The exact payment and delivery providers may differ. The operating control is the same: do not promise, pick, refund, or close work from an assumption when a provider or customer confirmation is still outstanding.

1. Receive and review the order

Capture a stable order reference, customer contact details, delivery or collection choice, order lines, quantities, prices, and the expected total. Check for obvious address, contact, product, and quantity problems before the order enters fulfilment.

  • Keep the original order reference visible in customer and internal messages.
  • Separate customer notes from verified fulfilment instructions.
  • Flag unusual quantities, incompatible combinations, or missing delivery details.

2. Confirm payment state

Treat received, pending, paid, failed, cancelled, and refunded as different states. Use the payment provider's verified result or the approved internal process; do not use a screenshot or customer message as the only confirmation when a system result is expected.

Keep the store's customer payment separate from the business's platform subscription or other operating charges.
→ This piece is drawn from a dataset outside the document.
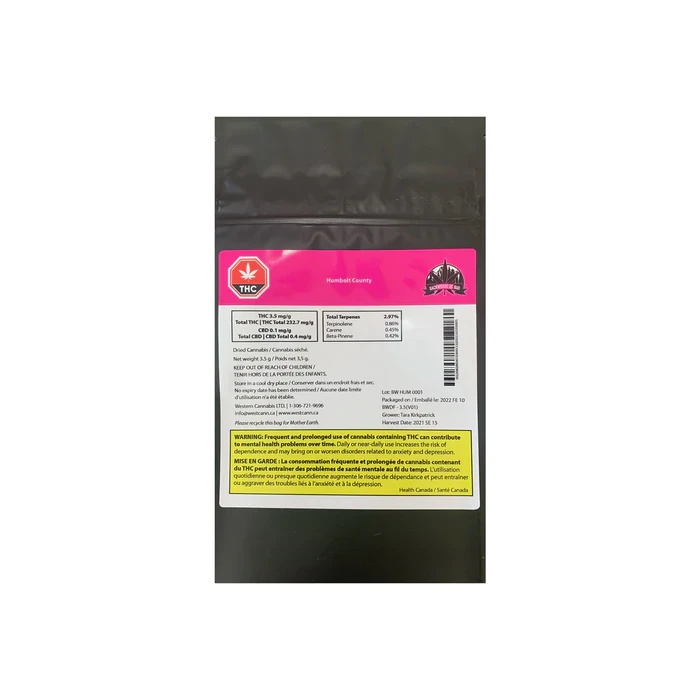 Hailing from one of the cannabis capitals of North America, Humboldt is a sativa-dominant hybrid that is believed to have a rich lineage. Afghani strains crossed with a California OG Kush provide sweet, fruity aromas. It has a terpene profile of beta-pinene, carene, and terpinolene.

This makes reconciliation and customer support clearer.

  • Release paid orders to fulfilment.
  • Hold pending payments with a clear review time.
  • Close failed or cancelled payments without reducing real stock permanently.
  • Record refund state separately from return receipt and order closure.
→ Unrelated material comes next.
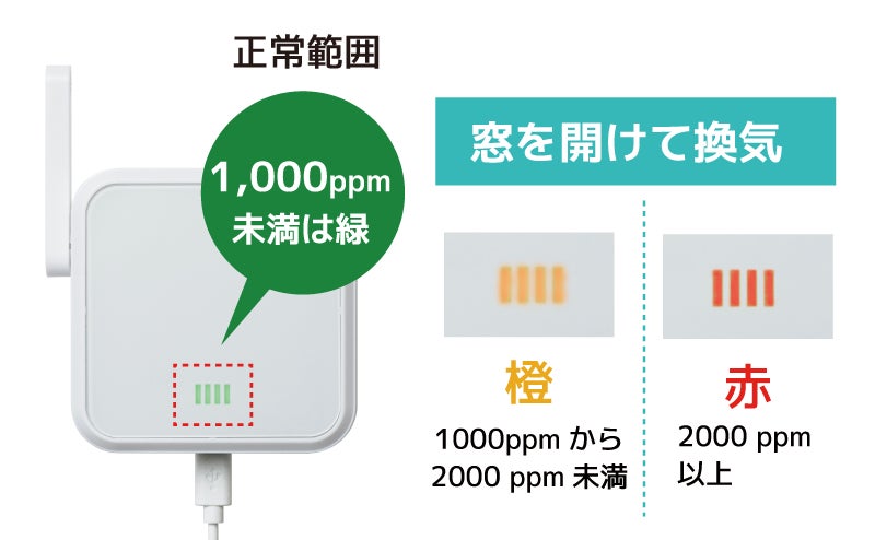 - 本体LEDでCO2濃度レベルを表示、その場で確認

3. Reserve stock and prepare picking

Reserve stock when the business's payment and cancellation rules say the order is ready. The picking view should show the product reference, product name, variant, quantity, and any handling note needed to supply the correct item.
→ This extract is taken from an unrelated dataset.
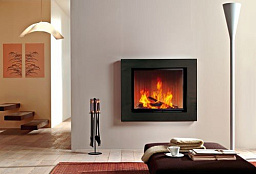 Конструкция в виде широкой рамы обрамляет вертикальную топочную камеру и придает ей дополнительную декоративность.
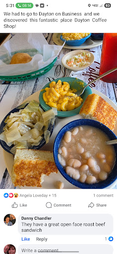 My husband and I visited Dayton Coffee Shop this morning for the first time. We were just out driving around, and started looking for a place for lunch we had never been. Anything called a coffee shop, I would normally shy away from; but I'm glad I looked at their menu first. We gave it a try, and were blown away. It's small-town diner at it's best. The meat and three selections were great. Don't get the tomato casserole - you'll thank me. But you can get double of everything else, and will not be disappointed. We went on a friday, so I got the baked ham. I ate it so fast, my husband didn't even get to try it. (Whoops! ) He ordered the chicken fried steak with gravy, and was raving over how good it was. We also got corn nuggets, pinto beans, and mashed potatoes, plus a tossed salad. The bread selection was perfect today. We tried the cornbread, rolls, and hushpuppies (available on Fridays) since we had never been there. All were delicious. We noticed that every table around us (mostly older, retired folks) ordered desserts, so we had to as well. We ordered the chocolate pie and the chocolate cake with cream cheese icing. The pie tasted EXACTLY like I wanted it to. The classic pudding texture with meringue on top was straight out of my childhood. The cake was pretty good, too! I believe all the desserts were homemade. The employees were great. At one point, they all stopped what they were doing to help an elderly couple out of their car and into the restaurant , then back out when the time came. You can tell they pride themselves on community there. The menus and walls are covered with dedications to service men and women. If those walls could talk! I highly recommend visiting if you've never been. We will make the drive from...

If stock is unavailable, stop the normal path. Decide whether the customer will wait, accept a substitute, receive a partial fulfilment, or cancel. Record the customer's decision before changing the order.

  • Reduce the risk of selling the same limited stock twice.
  • Use a second check for similar variants or high-value items.
  • Record substitutions and partial fulfilment explicitly.

4. Pack and hand over

Packing confirms that the physical contents match the order. Use packaging that protects the item through the chosen delivery method, and include only the customer information needed for the hand-off.

Record who packed the order, when it was packed, and the collection or courier reference when one exists. The hand-off state should mean the parcel actually left the business or entered the agreed collection process.

  • Check item, variant, quantity, condition, and required inserts.
  • Confirm the delivery label against the order before sealing.
  • Send the customer a useful update with the next expected step.
  • Store proof of hand-off where the support team can find it.

5. Manage delivery exceptions

Do not leave a failed attempt, delayed parcel, damaged parcel, or address problem in the normal delivered queue. Assign the exception to a person, record the next contact or provider action, and give the customer a clear update when the expected timing changes.

Repeated exceptions are process signals. Review whether the cause is poor address capture, unclear delivery areas, weak packaging, late hand-off, stock mismatch, or a provider problem.

  • Use one exception list across delivery and customer support.
  • Keep provider evidence and customer communication linked to the order.
  • Escalate by age and customer impact, not only by who notices first.

6. Close, return, or refund

Close an order when the fulfilment result and any required customer or provider confirmation support it. A return request starts a separate controlled path: request received, eligibility reviewed, return method agreed, item received where required, condition checked, resolution approved, and refund or replacement completed.

Keep the return, refund, and stock decision visible as separate facts. A refund can be pending after an item is received, and a returned item should not be placed back into sellable stock without a condition check.

  • Record the reason without forcing a misleading category.
  • Confirm the approved resolution and responsible person.
  • Reconcile the payment result and the stock result.
  • Use the reason to improve product information, packing, or delivery rules.

How this guide was prepared

Prepared from the payment-state, order, fulfilment, delivery, return, and exception workflows Kivora implements and maintains. It is operational guidance, not a claim about customer performance or legal advice.